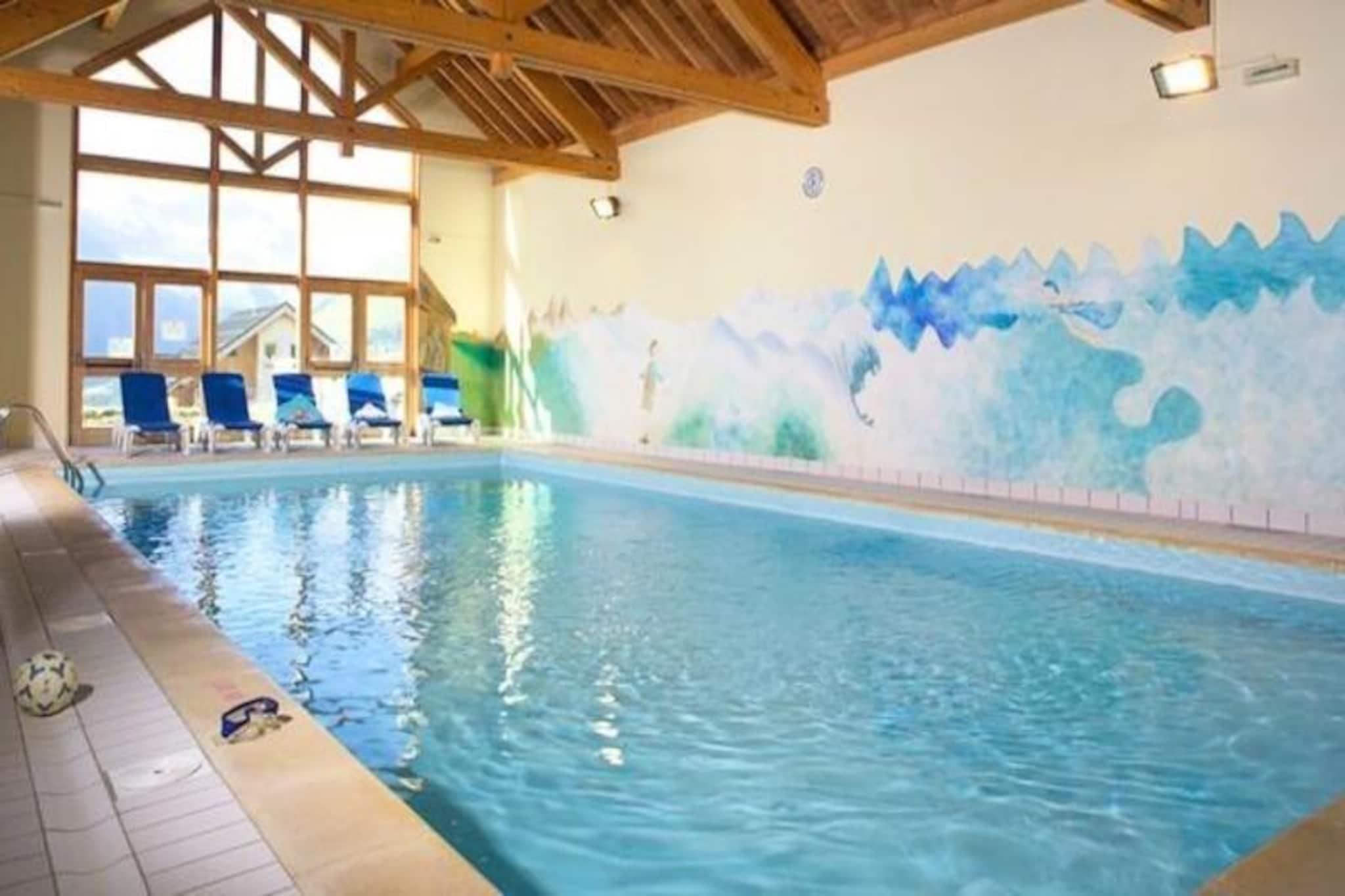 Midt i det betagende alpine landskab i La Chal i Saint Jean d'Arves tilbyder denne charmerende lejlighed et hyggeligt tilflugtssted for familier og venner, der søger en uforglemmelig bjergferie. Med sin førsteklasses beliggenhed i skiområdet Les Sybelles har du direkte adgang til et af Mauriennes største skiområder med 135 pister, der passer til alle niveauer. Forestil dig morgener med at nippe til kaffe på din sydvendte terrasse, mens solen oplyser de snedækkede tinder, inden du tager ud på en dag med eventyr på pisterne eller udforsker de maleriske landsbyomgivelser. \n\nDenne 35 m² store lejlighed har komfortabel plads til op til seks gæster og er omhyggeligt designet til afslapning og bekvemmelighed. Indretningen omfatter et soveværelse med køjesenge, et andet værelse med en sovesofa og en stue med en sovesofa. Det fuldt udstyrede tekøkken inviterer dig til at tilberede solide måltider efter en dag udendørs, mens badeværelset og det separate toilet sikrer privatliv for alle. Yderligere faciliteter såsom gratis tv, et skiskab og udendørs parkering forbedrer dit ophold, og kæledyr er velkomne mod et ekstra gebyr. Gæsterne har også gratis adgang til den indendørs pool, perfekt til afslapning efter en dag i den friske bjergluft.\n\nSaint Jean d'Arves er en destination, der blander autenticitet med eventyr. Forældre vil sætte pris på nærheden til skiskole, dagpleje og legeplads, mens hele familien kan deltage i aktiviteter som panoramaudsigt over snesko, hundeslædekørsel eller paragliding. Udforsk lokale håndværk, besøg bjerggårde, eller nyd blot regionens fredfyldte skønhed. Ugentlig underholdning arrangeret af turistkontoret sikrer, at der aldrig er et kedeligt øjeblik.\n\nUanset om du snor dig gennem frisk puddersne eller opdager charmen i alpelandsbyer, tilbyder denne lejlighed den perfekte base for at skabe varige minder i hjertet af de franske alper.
◆ ◆ ◆ ◆ ◆
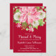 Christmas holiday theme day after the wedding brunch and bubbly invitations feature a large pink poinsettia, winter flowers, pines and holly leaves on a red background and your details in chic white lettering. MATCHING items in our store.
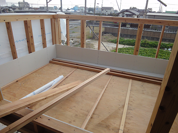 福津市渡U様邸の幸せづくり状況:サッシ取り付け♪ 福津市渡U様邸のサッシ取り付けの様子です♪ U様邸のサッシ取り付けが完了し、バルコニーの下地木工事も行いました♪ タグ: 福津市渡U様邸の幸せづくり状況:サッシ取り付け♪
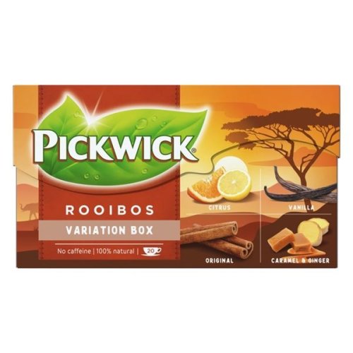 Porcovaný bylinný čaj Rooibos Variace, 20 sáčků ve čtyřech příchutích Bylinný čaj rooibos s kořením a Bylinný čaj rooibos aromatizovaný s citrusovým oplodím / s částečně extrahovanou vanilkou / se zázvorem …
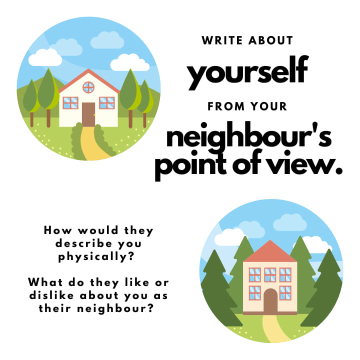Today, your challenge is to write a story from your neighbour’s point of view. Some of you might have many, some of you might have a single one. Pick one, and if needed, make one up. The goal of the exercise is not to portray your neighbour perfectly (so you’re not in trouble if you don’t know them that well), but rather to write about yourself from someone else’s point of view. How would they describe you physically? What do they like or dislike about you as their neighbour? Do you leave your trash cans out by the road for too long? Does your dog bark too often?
◆ ◆ ◆ ◆ ◆
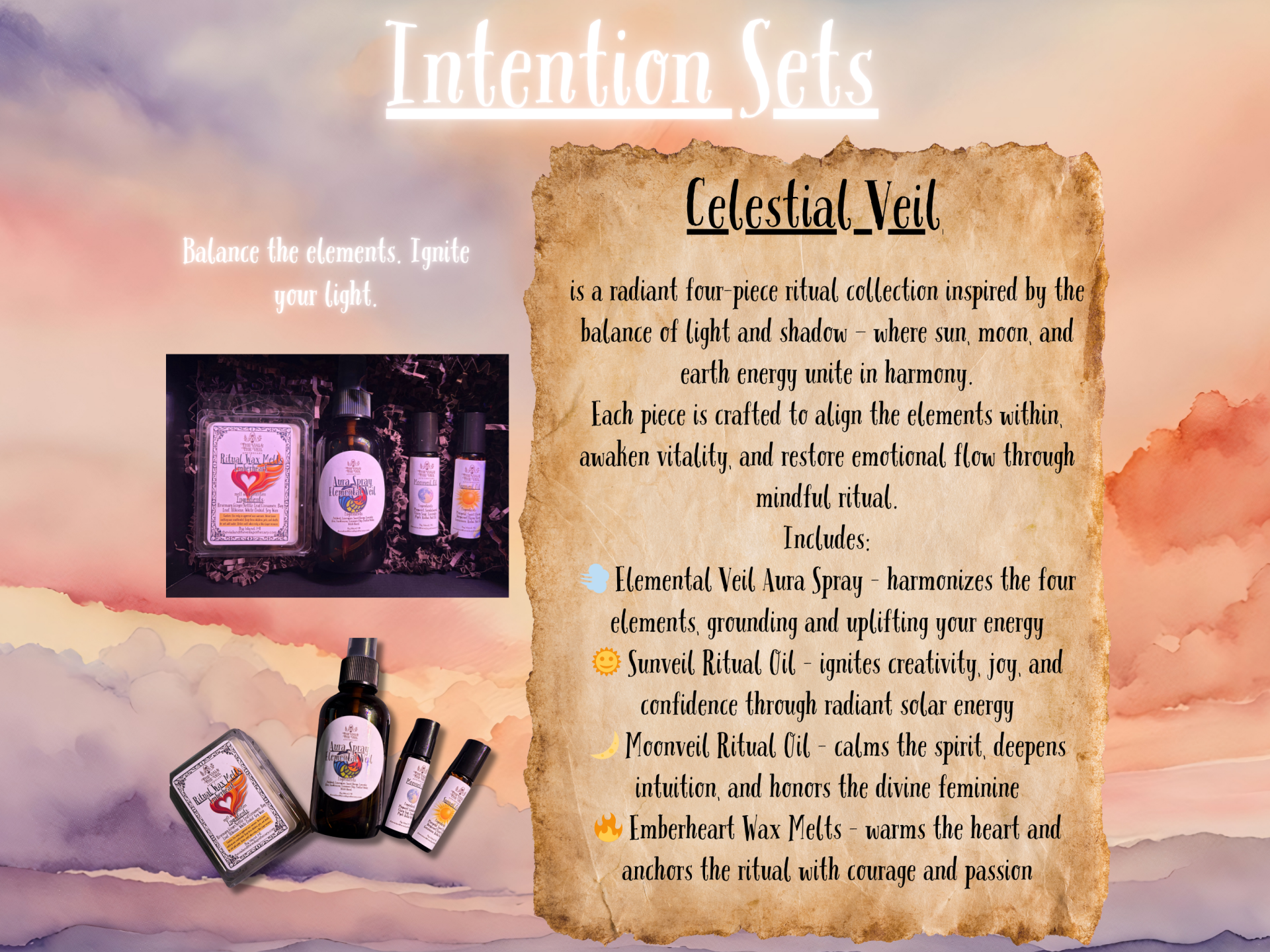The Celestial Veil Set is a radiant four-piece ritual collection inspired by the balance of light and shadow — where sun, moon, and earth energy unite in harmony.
◆ ◆ ◆ ◆ ◆
### EXERCISE
Range to copy from the listing above: the line with "Christmas holiday theme" through the line with "Today, your challenge". Transcribe it exactly and skip the pictures.

### TASK RESPONSE
 Christmas holiday theme day after the wedding brunch and bubbly invitations feature a large pink poinsettia, winter flowers, pines and holly leaves on a red background and your details in chic white lettering. MATCHING items in our store.
 福津市渡U様邸の幸せづくり状況:サッシ取り付け♪ 福津市渡U様邸のサッシ取り付けの様子です♪ U様邸のサッシ取り付けが完了し、バルコニーの下地木工事も行いました♪ タグ: 福津市渡U様邸の幸せづくり状況:サッシ取り付け♪
 Porcovaný bylinný čaj Rooibos Variace, 20 sáčků ve čtyřech příchutích Bylinný čaj rooibos s kořením a Bylinný čaj rooibos aromatizovaný s citrusovým oplodím / s částečně extrahovanou vanilkou / se zázvorem …
Today, your challenge is to write a story from your neighbour’s point of view. Some of you might have many, some of you might have a single one. Pick one, and if needed, make one up. The goal of the exercise is not to portray your neighbour perfectly (so you’re not in trouble if you don’t know them that well), but rather to write about yourself from someone else’s point of view. How would they describe you physically? What do they like or dislike about you as their neighbour? Do you leave your trash cans out by the road for too long? Does your dog bark too often?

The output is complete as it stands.